Deglobalization trends, confrontation, sanctions and supply chain disruptions impact prices and stunt growth. This drives up insurance premiums while negatively affecting other insurance costs and valuations. The consequences of these issues are limiting opportunities for investment and exposing companies to risks abroad.
There is also concern over the worldwide insurance market with the new administration’s “America First” mindset. One expert argued that insurance as a global market works better when it allows carriers to distribute risk across the world and its different regions and industry characteristics and has expressed concern over the new administration’s emphasis on domestic production.

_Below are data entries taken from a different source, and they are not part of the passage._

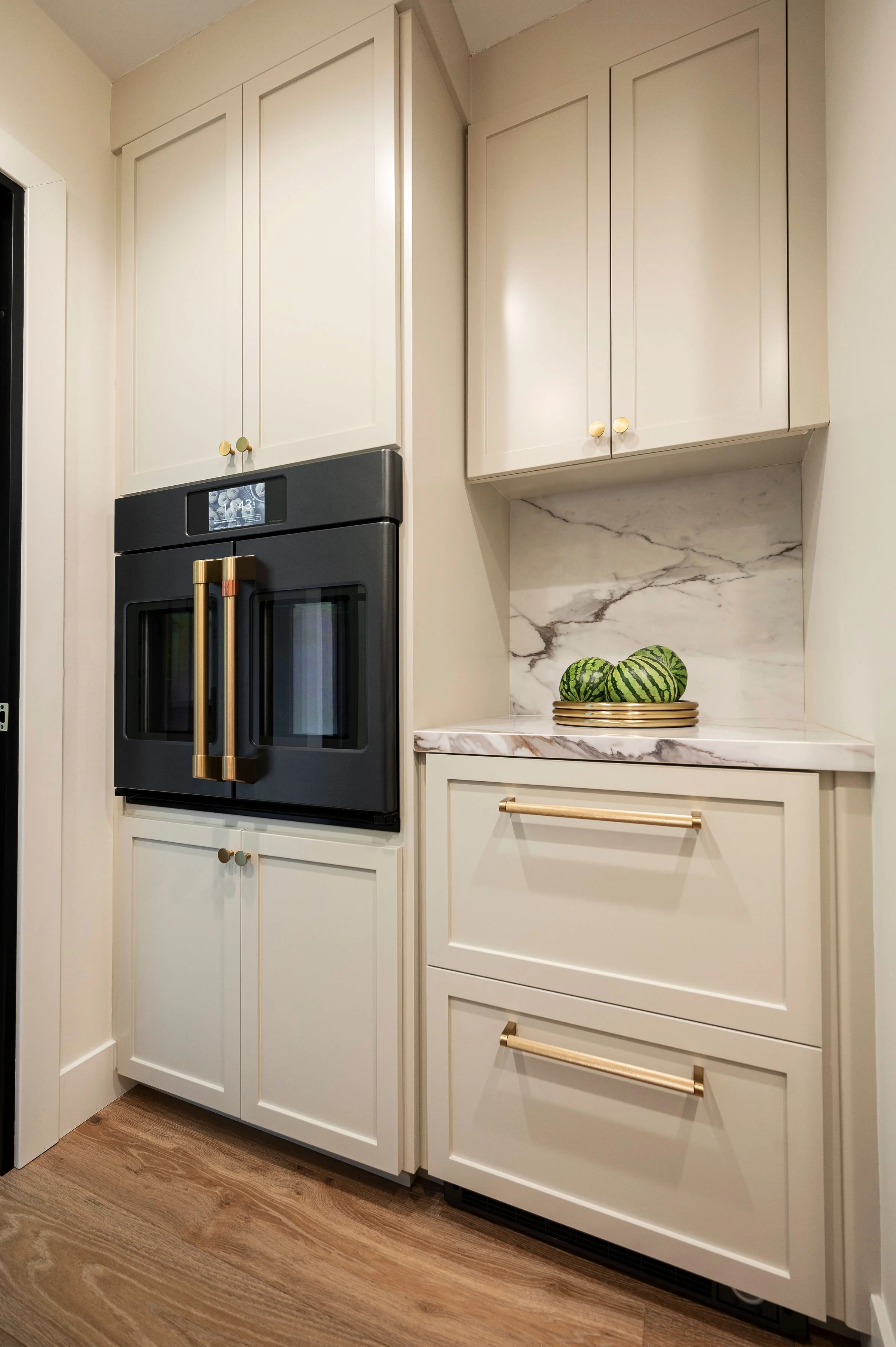 At its core, this kitchen is a reminder that the most beautiful spaces are also the most livable. By reimagining the layout from the ground up, swapping a restrictive peninsula for a welcoming island, and pairing standout elements like the La Cornue range with natural wood tones and dramatic veining, the space feels elevated, welcoming, and made for real life—an intimate jewel box in the middle of Old Fig Garden, designed to perform beautifully and to be enjoyed even more.
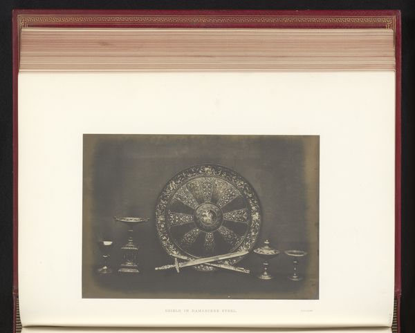 Editor: Here we have Adrianus van der Grient’s “Musical Instruments from the Collection of Daniel François Scheurleer, Exhibited at Pulchri Studio in 1893,” a photograph. There's a striking symmetry to the arrangement of instruments. What do you see in this piece? Art Historian: Initially, one observes a meticulous orchestration of visual elements. Consider how the textures interact—the sheen of the instruments against the textile backdrop. Do you find the repetition of forms generating a specific rhythm or pattern across the frame? Editor: Yes, the verticality of the wall paneling is mimicked by the hanging instruments, and there's almost a sense of musical notation suggested by their placement. Art Historian: Precisely. The photograph employs a visual language rich in signs. Let us consider the foreground elements: how do their presence anchor the composition, and how do they converse, in a purely visual sense, with the array displayed behind? Editor: I notice that the drums and pipes in the front act like a base for all the hanging instruments. Maybe like instruments in an orchestra in the front of a stage. Art Historian: That's astute. And what effect does the monochromatic palette produce, when analyzing it simply as form rather than representation? Editor: The limited range of tones directs attention to the textures and shapes; it abstracts the subject matter somewhat. Without color, it really lets you focus on lines, textures, forms. I learned a lot about composition analyzing this photograph with you. Art Historian: Indeed. Reflecting on the formal relationships—the visual cadence created by light, form, and texture—reveals a deliberate aesthetic endeavor, transcending mere documentation. It allows a deeper appreciation.
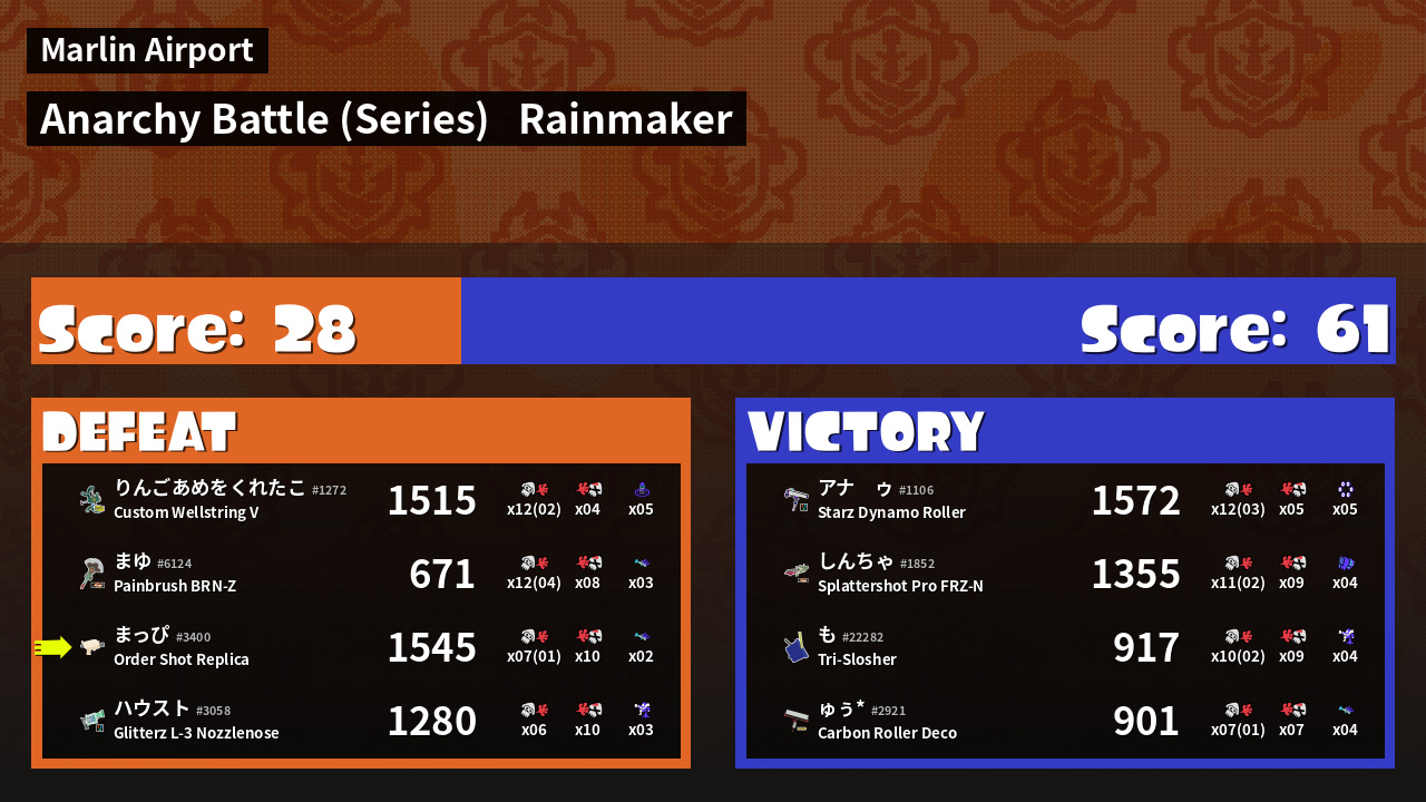 Results of まっぴ's Battle

One InsurTech leader says the new administration’s promises for increased American protectionism, such as higher tariffs, should concern insurers. Additionally, the possibility of pulling out of the North Atlantic Treaty Organization (NATO), a longstanding political and military alliance of countries from Europe and North America, would cause further instability.
Health Insurance Changes
If the new administration is consistent with the actions of their first term, carriers and policyholders will feel the impact of loosened regulations and attempts to reduce federal health spending. This could make it easier for people to afford and access health coverage; however, these actions will likely include efforts to repeal and replace the Affordable Care Act (ACA), as they did in their first term.
Additionally, it’s worth keeping in mind that the new government might allow carriers to curate plans favoring healthier individuals while raising premiums on less healthy and older citizens. It also might impact the ACA’s protections for lower-income, high-risk patients, as they are a higher liability and cost for health benefit providers.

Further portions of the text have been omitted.